Here’s the pickle. We all know that more money is in passive funds than active funds these days which do not really care about valuations. They are merrily chasing the stock market as it moves.
Besides the billions of dollars flowing into retirement funds every two weeks, the year by year flow of money into passive instruments has also grown. is your prime example. It will be bought based on its market cap relative to the rest of the market, no one cares why its overvalued.
To add, isn’t the stock market a federally protected asset? Many Americans depend on their portfolios to fund their retirement, so I’m sure the government has measures in place to ensure a big crash doesn’t happen. We have tools to help foresee crashes and at that point the government would do something to avoid a crash.
So the question is, are metrics like PE, D/E, CAPE even useful anymore?
That’s a valid concern, however, in a broader sense valuations do matter and will continue to matter for individual securities.
You are right about the money flowing into passive funds and the appeal of individual stocks is subjective, but there are still many active investors out there.

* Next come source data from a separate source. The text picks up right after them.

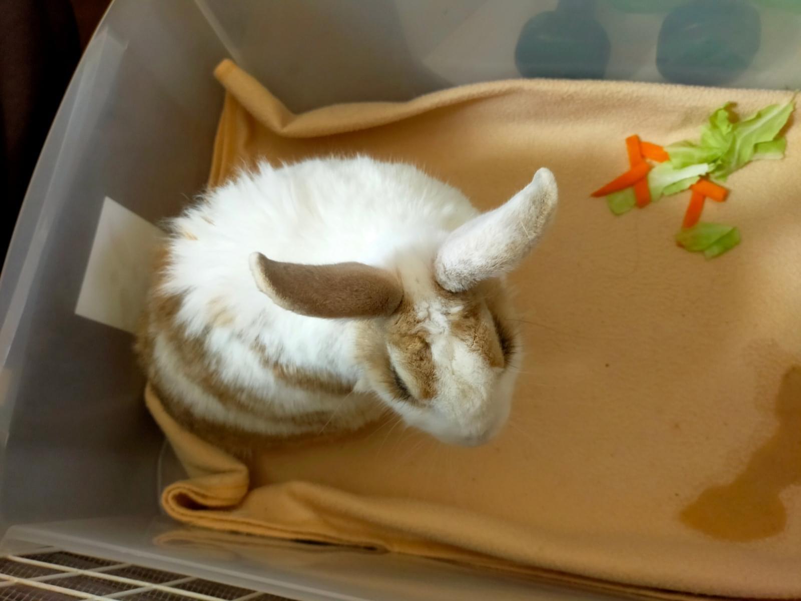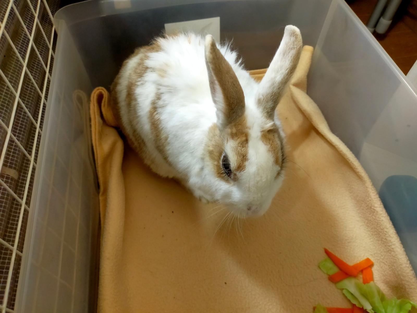 2021/12/11 6:10ごろ愛知県豊川市八幡町上宿交差点付近で父親が迷いうさぎを保護しました。
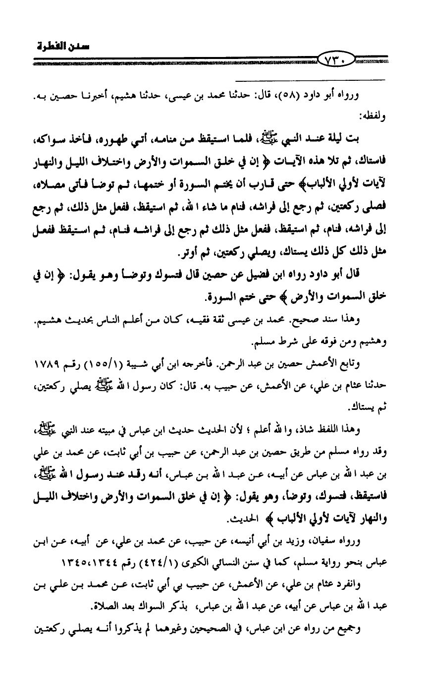 وهذا اللفظ شاذ، والله أعلم؛ لأن الحديث حديث ابن عباس في مبيته عند النبي - صلى الله عليه وسلم -، وقد رواه مسلم من طريق حصين بن عبد الرحمن، عن حبيب بن أبي ثابت، عن محمد بن علي بن عبد الله بن عباس عن أبيه، عن عبد الله بن عباس، أنه رقد عند رسول الله - صلى الله عليه وسلم -، فاستيقظ، فتسوك، وتوضأ، وهو يقول: {إن في خلق السموات والأرض واختلاف الليل والنهار لآيات لأولي الألباب} الحديث.
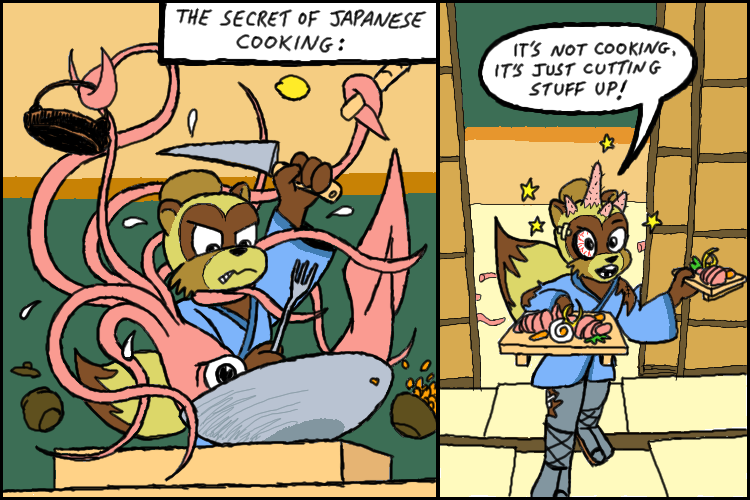 Pretty awesome. From the low POV angle with the squid's distressed expression contrasting with my ganbatte grit, through the cartoony action of things flailing and flying about. LOVE the sub-orbital lemon at top! I shudder to think where its unseen 8th tentacle is, knowing his previous webcomic "Tyrannosaurus Sex": hope already "on the cutting room floor" in panel 2. And the details: from shoji screens & door, tatami mats, geta serving-boards down to his tabi socks! And hey look, despite the corrected tanuki tail he used to fret over, I'm a unicorn now!
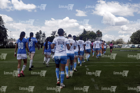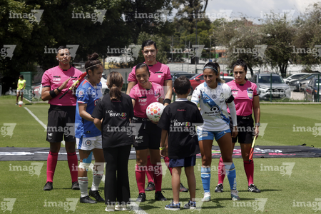 Puebla, Puebla, 21 de septiembre de 2025. Protocolo, durante el partido correspondiente a la jornada 12 del torneo Apertura 2025 de la Liga BBVA MX Femenil, entre el Club Puebla y la Máquina Celeste del Cruz Azul, realizado en el Club Alpha. Foto: Imago7/Mireya Novo
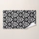 Leafy damask in a vintage style surface pattern design in white detail on a black background.
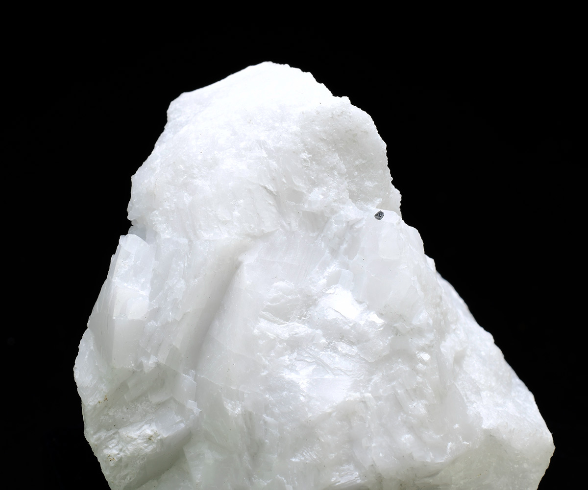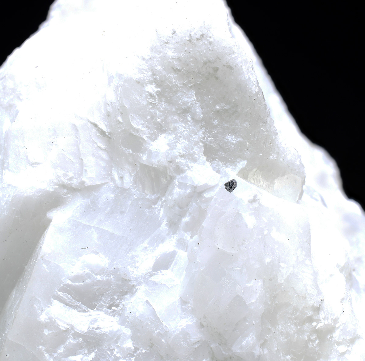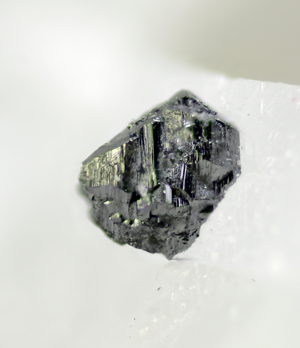 Stout dipyramidal crystal of gray metallic geocronite, up to 0.5 mm in length on marble matrix.
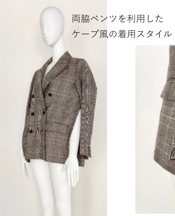 【DESIGN】 ボクシーで抜け感のあるシルエットのピークドラペルのダブルブレストジャケット。両サイド
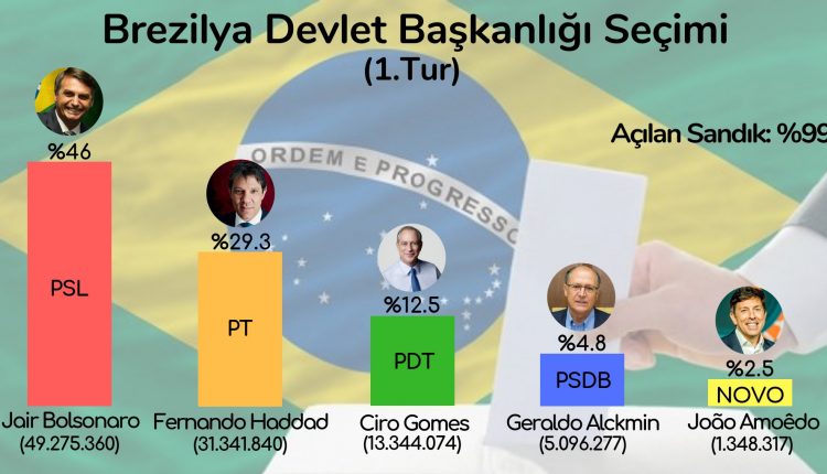 Böylesi koşullarda, başkanlık seçimlerinin ilk turunda Bolsanaro oyların yüzde 46’sını alarak İşçi Partisi’nin adayı Fernando Haddad ile 28 Ekim’de yapılacak olan ikinci turda yarışacak. Bolsanaro ciddi bir oy patlaması gerçekleştirdi. Öte yandan diktatörlük yanlısı programı 21 yıllık kesintisiz askeri cunta geçmişi olan bir ülkede tüm demokratik kesimleri, “Ona Hayır” kampanyasında, hem sokakta hem de sandık için seferber etmiş durumda.

This has been discussed before and many believe that if the majority of funds go into passive indices, the market will provide more opportunities for active investors
the issue is that the majority of the active investors are following the trail left behind by retail investors and only invest in companies that follow particular themes like tech, AI, etc.
They will pump up an overvalued stock thinking they are being rational but in reality, they are simply reactionary/greedy. Even the best hedge fund investors have to bend and embrace what's popular or their clients would take their money elsewhere.
Candle go up--Buy, Candlego down-- Sell
In most cases, if a company underperforms, its stock may fall. Furthermore, in an overall rising market, those underperforming securities may rise with the market. But almost always fall if the market fails. This makes taking into account a company’s fundamentals as well as overall trend necessary when evaluating stocks.